Wir geben unterFig. 4 die Abbildung des Gewehres von 1571 und inFig. 5 das Schloß in halber Naturgröße. Der Lauf hat eine Länge von 1,00 Met.; der Durchmesser an der Mündung im Lichten beträgt 0,015 Met., die ganze Länge des Gewehres von der Mündung bis zum Ende des gekrümmten Kolbens 1,40 Met. Zum Zielen ist bei O ein konisches Röhrchen auf den Lauf aufgelegt, durch welches man das Zäpfchen P sieht. Der Lauf ist unten achteckig; gegen die Mündung wird er rund; die Jahreszahl 1571 ist auf der Oberfläche des Laufes vor dem Röhrchen O eingegraben. Der lange Hebel N setzt den Luntenhahn in Bewegung, der, wie gewöhnlich, so eingerichtet ist, daß er sich von der Pfanne wieder entfernt, sobald der Hebel losgelassen wird. Der Drücker M dient zur Bewegung des Feuersteins. Wenn der Hahn gespannt ist, so steht er, wie inFig. 5, senkrecht. Dreht er sich bei Berührung des Drückers um seine Achse, so schlägt der Stein gegen das Kreissegment H, welches fast die Breite des Steines und, ähnlich wie das Rad des Radschlosses, an der Cylinderfläche tiefe Rinnen hat. Zugleich bewegt sich jedoch der Ansatz A am Hahn, welcher unten abgerundet ist, über das oben abgerundete Ende B des Stängchens B C, dessen Ende B durch eine Feder von der Unterlage weggedrückt wird, so daß das Ende C, welches rückwärts einen Haken hat, den Stiel E K packt, welcher einen Deckel L auf der Pfanne G hält.

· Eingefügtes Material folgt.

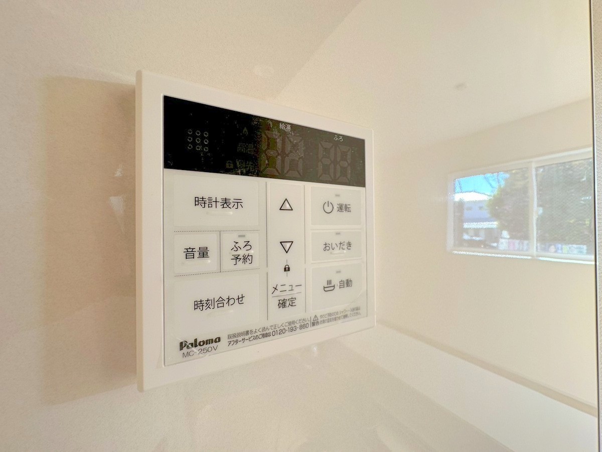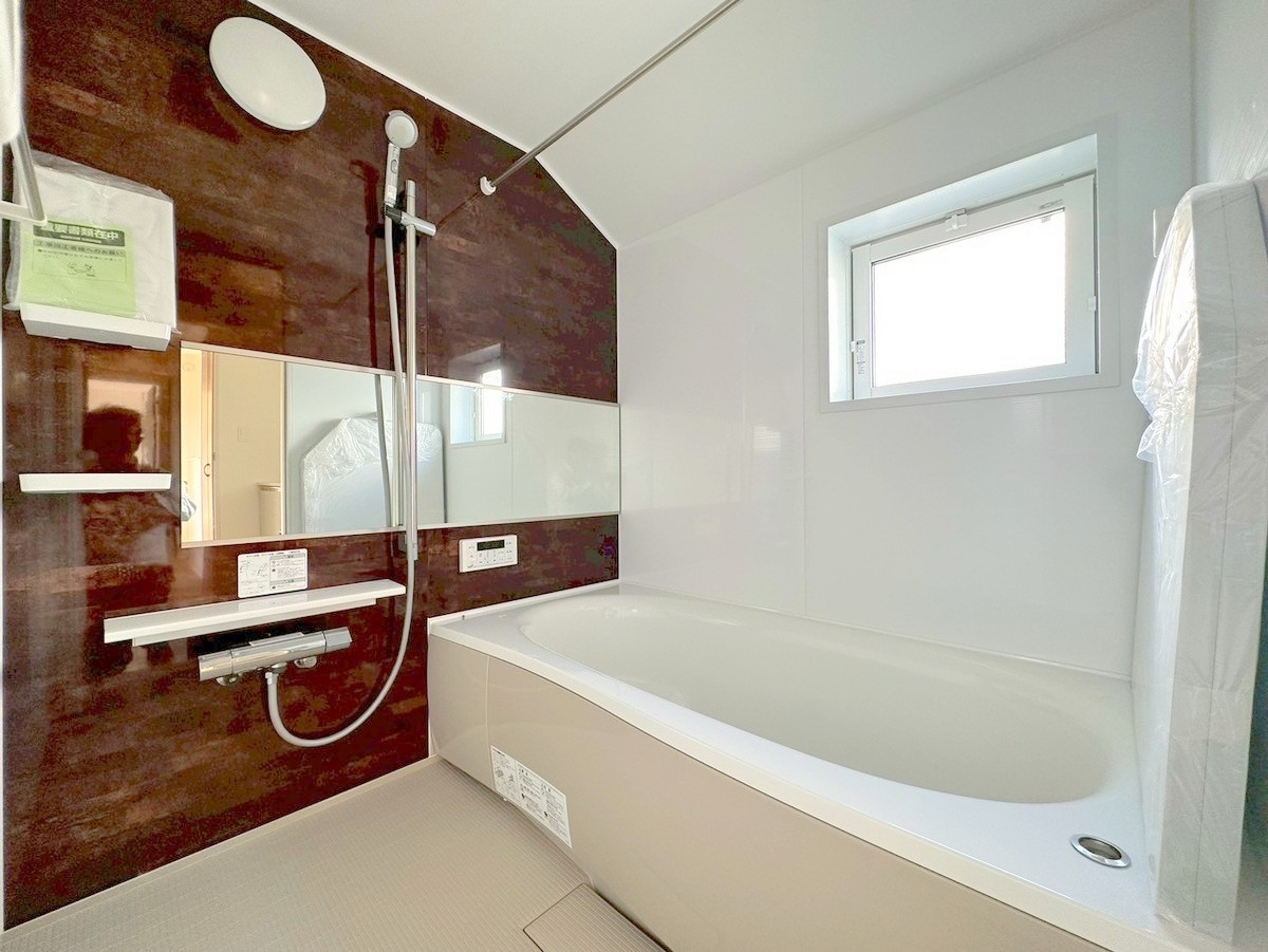 一日の疲れを癒しながら、お子様と一緒にバスタイムも楽しめる清潔感あふれる浴室です。浴室は換気・乾燥・暖房機能付きなので、雨の日のお洗濯や寒い冬でも1年中快適です。 ■稲城市東長沼 新築一戸建て■
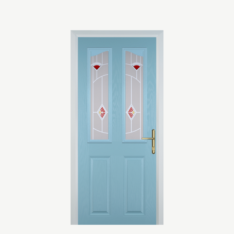 Introducing the Door B 2 Panel 2 Angle in a serene Duck Egg Blue, complemented by the striking Murano Red accents. This composite front door is designed to elevate the entrance of your home while providing exceptional durability and style. Perfect for those seeking a blend of modern aesthetics with traditional charm, this door is not just an entryway, but a statement piece.

Bewegt sich nun A über B, so wird dieser Punkt gegen den Grund gedrückt, C entfernt sich vom Grunde und das Häkchen läßt den Stiel E K los. Die Feder D E drückt nun bei E den Stiel E K zurück, so daß sich der Deckel L unter der Feder F weg von der Pfanne losschiebt und die auf H sich bildenden Funken auf die Pfanne fallen.

Dem Schlusse des 16. Jahrhunderts gehört ein Falkonet an, das, von Eisen geschmiedet, mit zwei Schildzapfen versehen ist und unmittelbar bei den Schildzapfen zwei Handgriffe (Delphine) hat. Dasselbe hatte offenbar seinen Platz in einem engen Gelasse, wo das 2 Met. lange Rohr nicht zurückgeschoben werden konnte; um es zu laden, wurde daher der hintere Boden herausgeschraubt, die Ladung von rückwärts eingeschoben und mit einer tiefeingreifenden Schraube der Boden wieder befestigt. Diese Art der Rückladung, die keineswegs rasch von statten gehen konnte, ist verschieden von den Kammergeschützen. Die Festigkeit des Verschlusses und die Sicherheit der Bedienungsmannschaft hängt dabei natürlich von der Güte der Schraube ab.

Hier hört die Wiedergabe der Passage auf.